Pour ce qui est des œuvres de la langue et des membres, il s’agit de s’appliquer à les préserver en se prémunissant de ce qui est nuisible comme la désobéissance, l’illicite, le futile, l’excès dans les plaisirs licites et de les utiliser dans ce qui est obligatoire et recommandé. C’est par exemple, en ce qui concerne la langue, la prononciation de l’attestation de foi et la récitation du Coran obligatoire dans la prière, le fait de s’éloigner des paroles injurieuses, s’adonner à la mention de Dieu (dhikr)… et en ce qui concerne les membres, c’est de s’acquitter de la prière, du jeûne, éviter l’excès dans le regard, de profiter de chaque occasion pour écouter le Coran…

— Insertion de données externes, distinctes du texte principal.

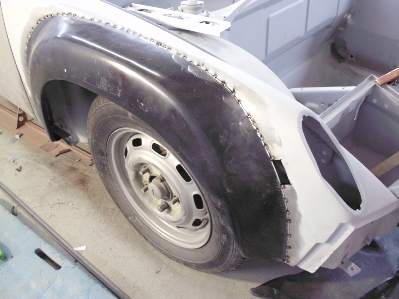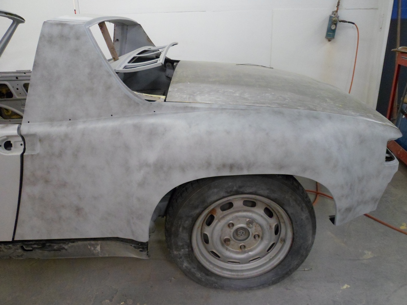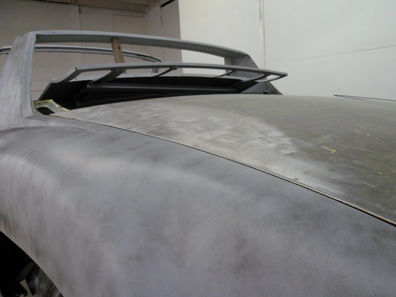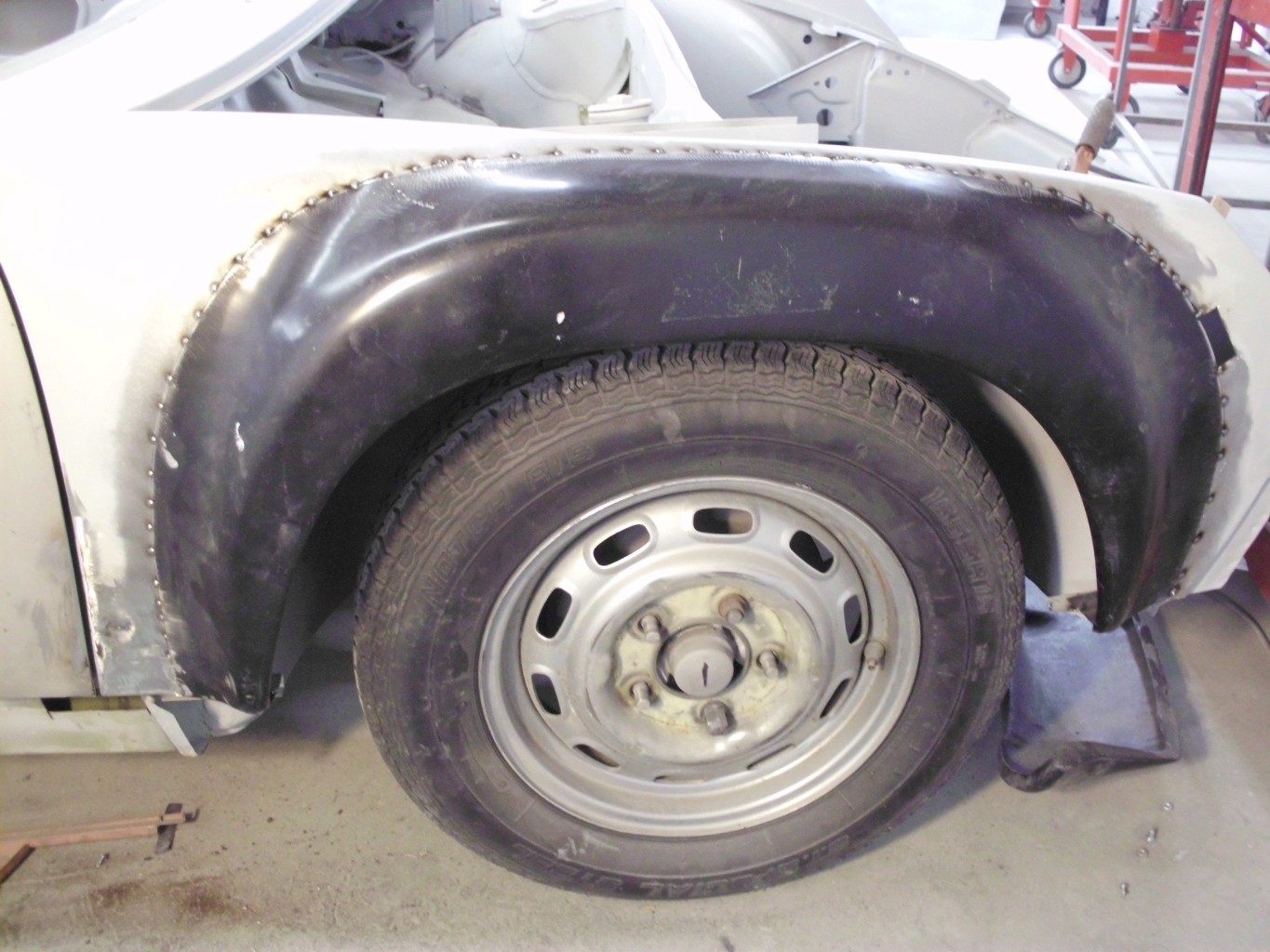 Well the flares sure look nice in raw metal but now after the prep and primer I cant wait to see them in a high gloss canary yellow. I was worried about the sail pannels from the start since they were so bad but all the trim fits perfect. Thanks to my buddy Kent and Restoration Design !!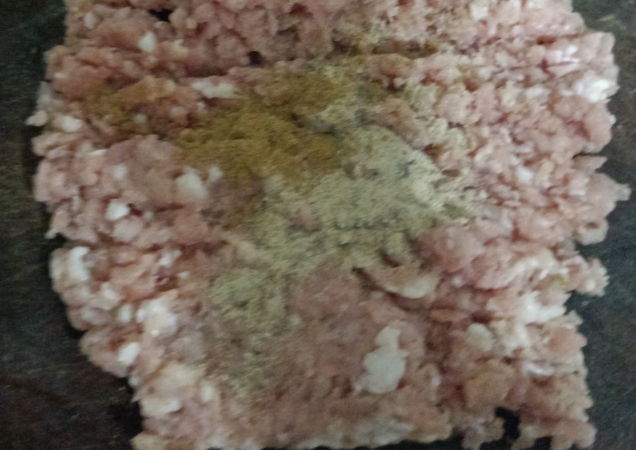 Bước 2: Thịt lợn rửa sạch rồi băm nhỏ. Thêm vào một ít tiêu, một ít bột ngũ vị hương và một ít nước tương, dầu ăn. Trộn thật kỹ để các nguyên liệu đồng nhất. Đun nóng nồi, cho dầu ăn rồi thêm thịt vào xào đến khi chín thì cho nấm hương, cồi sò điệp và hành lá cắt nhỏ vào đảo đều.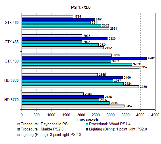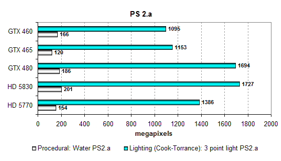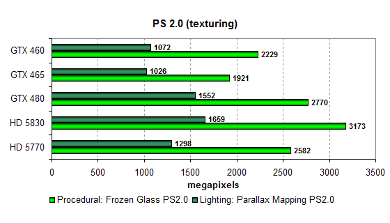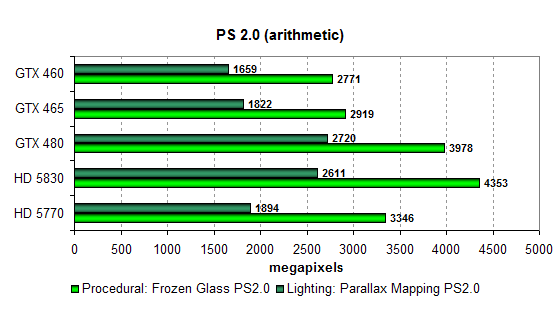 И действительно, положение GTX 460 немного улучшилось. Хотя эта видеокарта продолжает уступать и HD 5830 и HD 5770 (с текстурными выборками в нашей DX9 синтетике карты AMD справляются явно лучше), но хотя бы слабую по текстурированию GTX 465 она обходит, особенно в тесте Frozen Glass, больше зависящем от производительности TMU. Сегодняшний герой в лице GTX 460 выглядит лучше, подбираясь к гораздо более дорогой GTX 480, так как в этих тестах явно заметен упор производительности в скорость текстурных блоков, а и их количество у GF100 всё же недостаточное.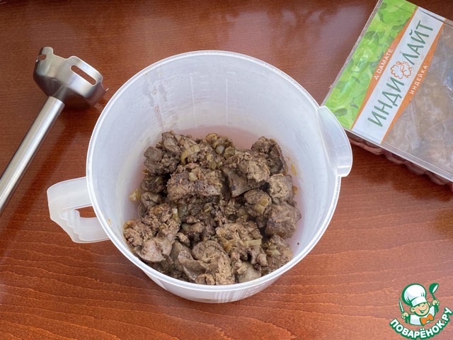 Готовую печень переложите в глубокую миску и пробейте до однородности, погружным блендером.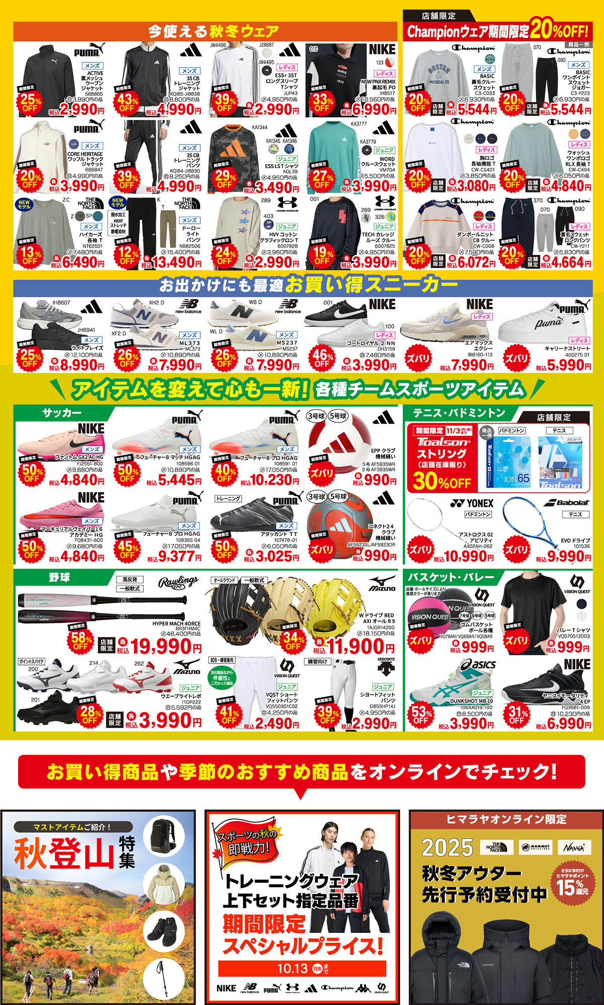 B館1階 ヒマラヤ SPORTS & GOLF アピタ稲沢店スポーツの秋応援SALE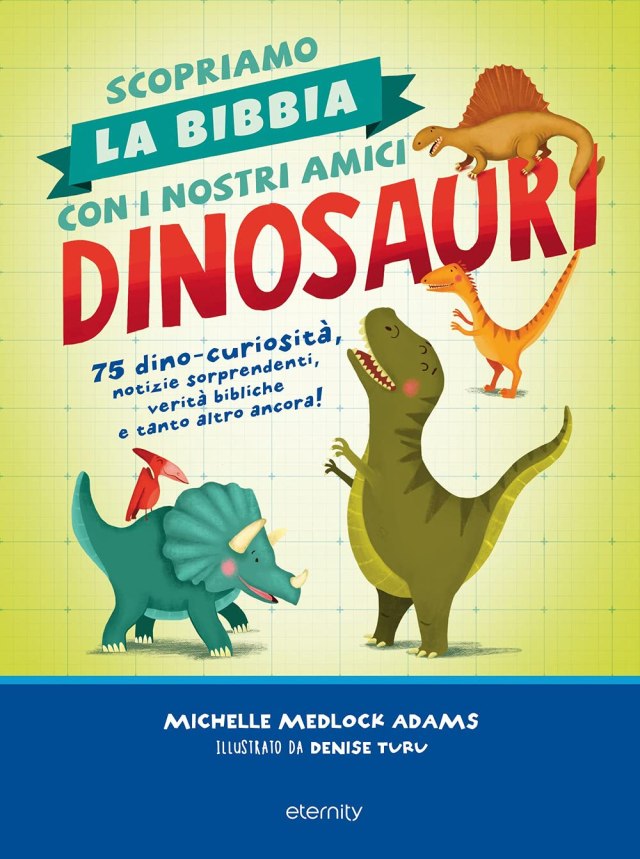 Secondo alcuni studi, uno dei motivi per cui i bambini amano i dinosauri è che ciascuno di essi rappresenta qualcosa di diverso: forza, potenza, intelligenza o altre peculiarità che in tanti vorrebbero. L’autrice ha scritto questo libro partendo proprio da quest’idea. Il libro presenta una serie di curiosità sulle caratteristiche e i comportamenti di questi animali straordinari e le accosta ad alcune verità bibliche, per avvicinare i piccoli lettori a Dio. Graficamente accattivante e ideale per i bambini dagli 8 ai 12 anni, il volume contiene 75 brevi meditazioni arricchite da illustrazioni e contenuti aggiuntivi che stimolano l’apprendimento. Attraverso questo libro, i piccoli lettori potranno scoprire di più sui loro dinosauri preferiti e, al tempo stesso, conoscere meglio Dio e la Bibbia, per crescere nella fede divertendosi. Età di lettura: da 8 anni.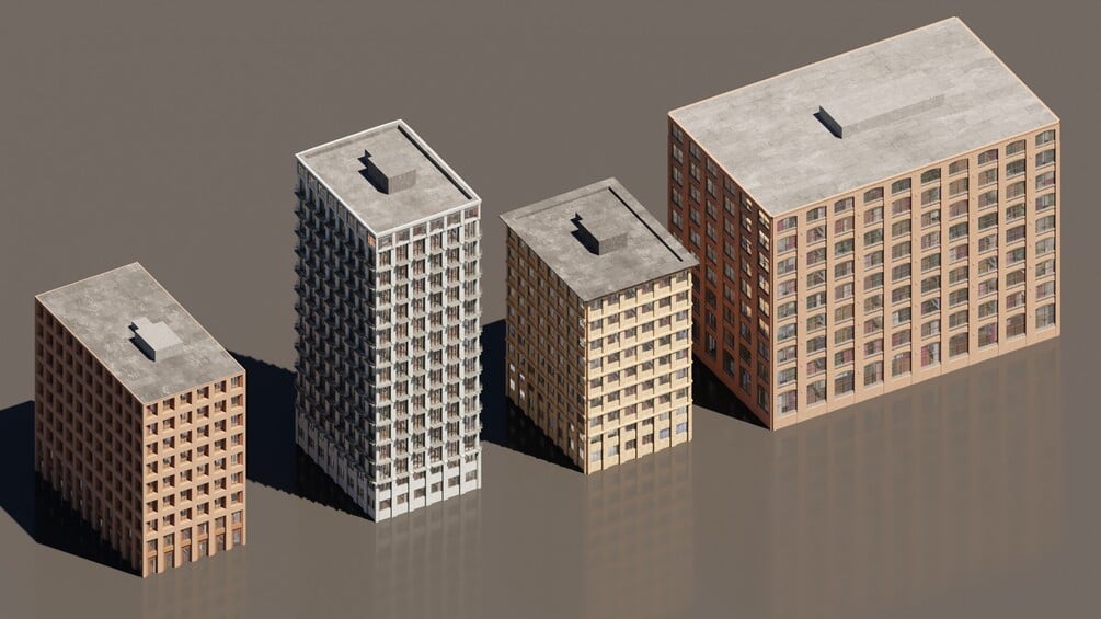 Hi and thanks for checking out this product. As an architect who constantly needs to generate large urban environments, I wasn't satisfied with the building models available for generating cities. They are either too expensive, too detailed, too specific, or too simple and bland. So I decided to start creating my own city packs which I am happy to share with you. The collection will continue to grow and I am happy to take recommendations for new packs as well!

Afin de mieux saisir l’application de la servitude dans le quotidien du croyant, attachons-nous à l’exemple du Prophète (paix et salut sur lui). Le Prophète (paix et salut sur lui) eut le choix entre devenir prophète-roi ou d’être prophète-serviteur, il (paix et salut sur lui) préféra le second choix : Je désire être un Prophète-esclave qui implore Dieu le jour où il a faim et qui Lui rend grâce lorsqu’il est rassasié [Ahmad]. Cela se manifesta bien sûr tout au long de sa mission. Il a refusé par exemple, que l’on exagère dans son éloge. Selon Abdoullah Ibn Massoud rapporte que le Prophète (paix et salut sur lui) reçut un homme qui se mit à trembler devant lui. Le Prophète (paix et salut sur lui) dit : Calme-toi. Je ne suis pas un roi, je ne suis que le fils d’une femme de Qouraych qui mangeait de la viande séchée [Ibn Majah & Al Hakim]. Il (paix et salut sur lui) a dit aussi : N’en rajoutez pas à mon sujet comme ont fait les gens du Livre avec le fils de Marie. Je ne suis qu’un serviteur, alors dîtes : le serviteur d’Allah et son Prophète [Al Boukhari]. Sa servitude envers Dieu se traduisait aussi dans son humilité envers son entourage, il (paix et salut sur lui) était au service de sa famille, il (paix et salut sur lui) se mêlait avec ses compagnons, s’asseyait avec eux, répondait à l’invitation des personnes de condition modeste… Sa servitude s’illustrait aussi dans la prière rituelle, durant laquelle il (paix et salut sur lui) lui arrivait de rester debout si longtemps que ses pieds en étaient gercés. Lorsque son épouse Aïcha lui demanda la raison de sa persistance alors que son Seigneur lui avait déjà pardonné ses « péchés » passés et futurs, le Prophète (paix et salut sur lui) répondit : Ne devrais-je pas être un serviteur reconnaissant ? [Mouslim].